--- START ---
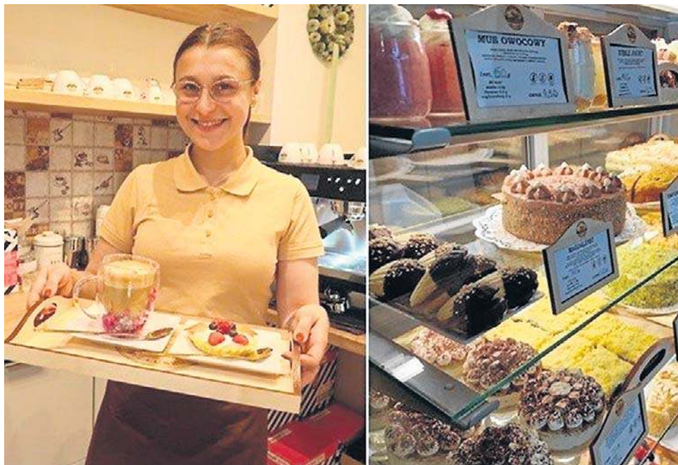
Lokal w centrum handlowym przy ul. 1 Maja 68 w Wałbrzychu zaczął działać 19 września.
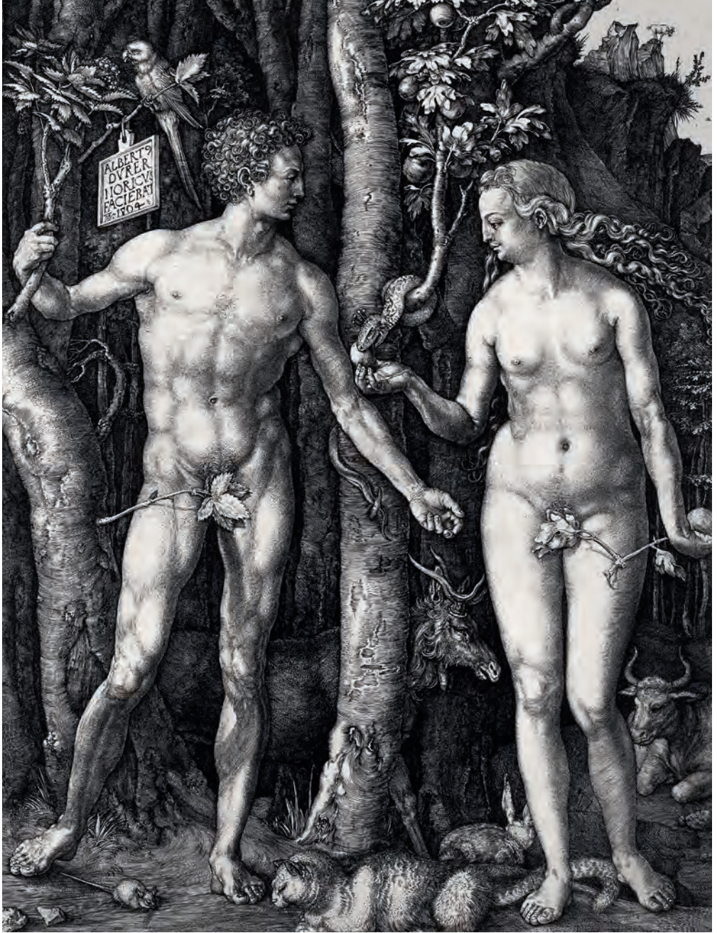
Б. Коюшенная,1 / +7 (812) 312-28-56 / artoffoto.com
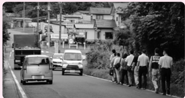
県道豊原高久線（高久駅周辺）

9月7日、町道丸山・松子線（丸山地内）と県道豊原高久線（高久駅周辺）にて「とちぎの道現場検証」が行われました。町長をはじめ県大田原土木事務所、地元小・中学校、自治会の関係者などが参加し、早急に整備が必要な道路について、共通認識を図りました。町長は「道路を利用する地元の皆さんの声を聞かせていただき、安全安心なインフラ整備を進めたい」とあいさつし、参加者からは、要望や意見が出されました。
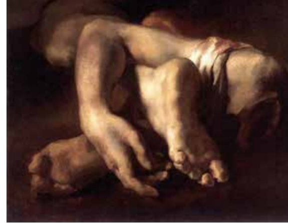
Resim 9: Gericault, Kesilmiş Kol ve Ayaklar, 1818, 52.64 cm. Musée Fabre, Montpellier, Fransa

Toplumun gözü önünde işkence ile vücudu parçalanan mahkûm daha sonra halka açık bir gösteri olarak cesedi teşhirciye tabi tutulur. Bütün bunlar perşembe günü başlar ve cumartesi günü birincisini yineleyen ikinci bir vaaz ile sona erer. (Resim 9)
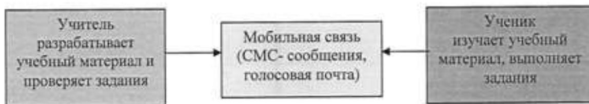
Схема модели 2

Модель 3. Реализация образовательных программ начального общего, среднего общего образования, дополнительных программ при отсутствии возможности применения электронного обучения и дистанционных образовательных технологий, также сотовой (мобильной) связи
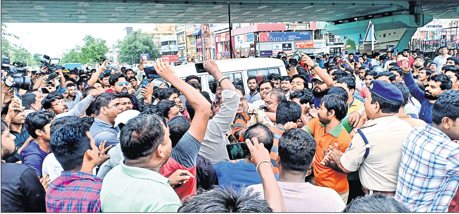
ଭୁବନେଶ୍ଵର ରାଜମହଲ ଛକରେ ଶନିବାର ପୋଲିସ ଭ୍ୟାନ୍ ଓ କର୍ମଚାରୀଙ୍କୁ ଘେରିବା ସହ ହୋଇଥିବା ମାରପିଟ୍।
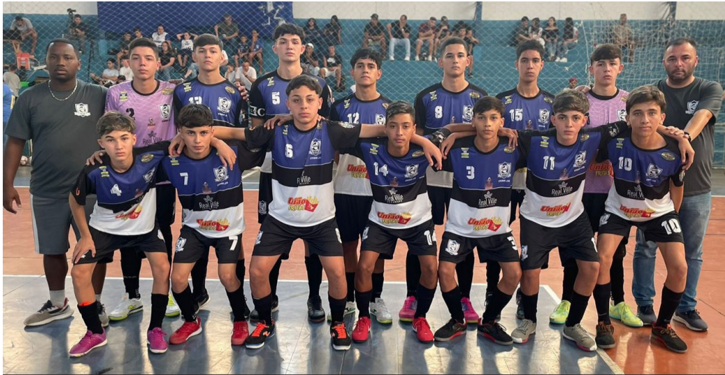
Time Sub-16 da AECB conseguiu mais uma vitória pelo Estadual de futsal de base

Jogando fora de casa em mais uma rodada do Campeonato Estadual de Futsal para categorias de base da Série A2, que é promovido pela Federação Paulista de Futsal, as equipes da AECB (Associação Esportiva Capão Bonito) conseguiram bons resultados no último domingo contra os times da E.F Atlético Mangalot, da cidade de Caieiras, na Grande São Paulo.
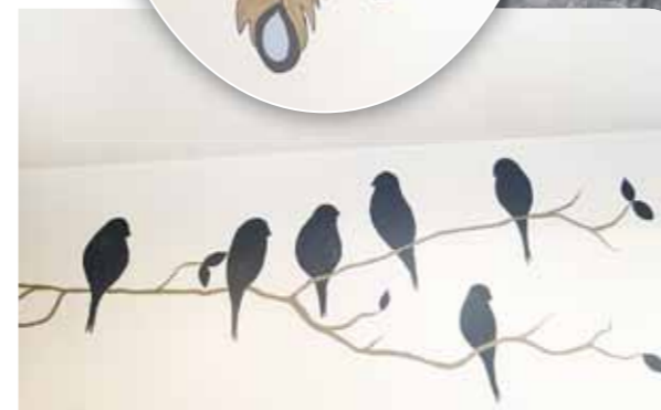
Maalarit ovat koristelleet asukastupia esimerkiksi lintu- ja sulka-maalauksin.
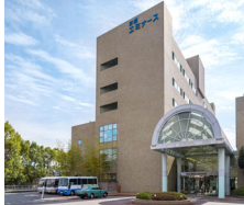
京都 竹の郷温泉 ホテル京都エミナース

〒610-1143 京都府京都市西京区大原野東境台町2-4 TEL.075-332-5800 https://www.k-eminence.com/
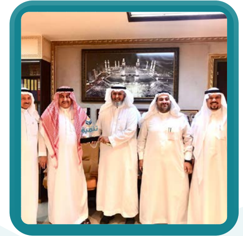
زيارة الشيخ عبدالله الجهيج
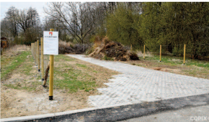
vybudované oficiálne konárovisko
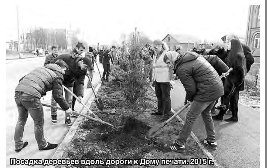
Посадка деревьев вдоль дороги к Дому печати. 2015 г.

Чтобы разбудить естественный долг каждого разумного человека, его желание посадить свое дерево, необходимо обратить внимание на большое разнообразие чудесных, вкусных, красивых и полезных для здоровья человека плодов.
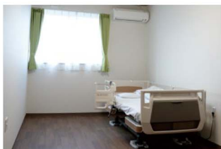
全30室見守りシステムを完備

看護師と介護スタッフが24時間常駐しており、個々の健康状態に応じたサポートを行います。
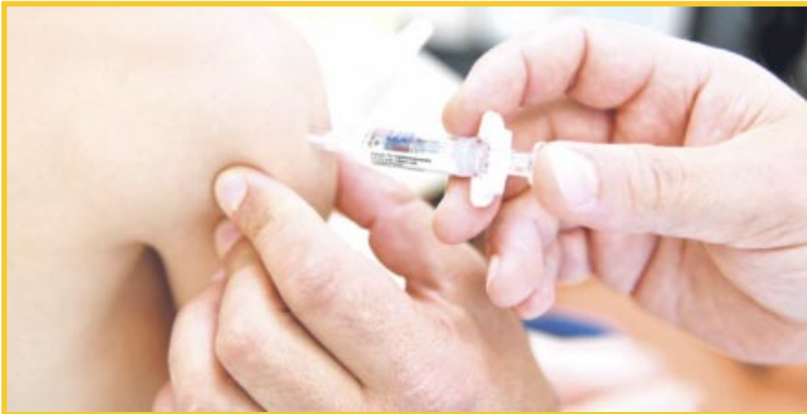
La vacuna triple viral o SRP protege a niñas y niños contra el sarampión, rubéola y parotiditis.

El secretario de Salud estatal, Flavio Carlos Rosado, explicó que la primera dosis de la vacuna triple viral les corresponde a las niñas y niños con 1 año de edad, mientras que la segunda dosis es para los que tienen 1 año y 6 meses de edad, y para los que cumplan 6 años en este 2024.
--- END ---
*BRIEF*. The lines to copy are those above that contain "viral".

*WRITTEN SOLUTION*.
La vacuna triple viral o SRP protege a niñas y niños contra el sarampión, rubéola y parotiditis.
El secretario de Salud estatal, Flavio Carlos Rosado, explicó que la primera dosis de la vacuna triple viral les corresponde a las niñas y niños con 1 año de edad, mientras que la segunda dosis es para los que tienen 1 año y 6 meses de edad, y para los que cumplan 6 años en este 2024.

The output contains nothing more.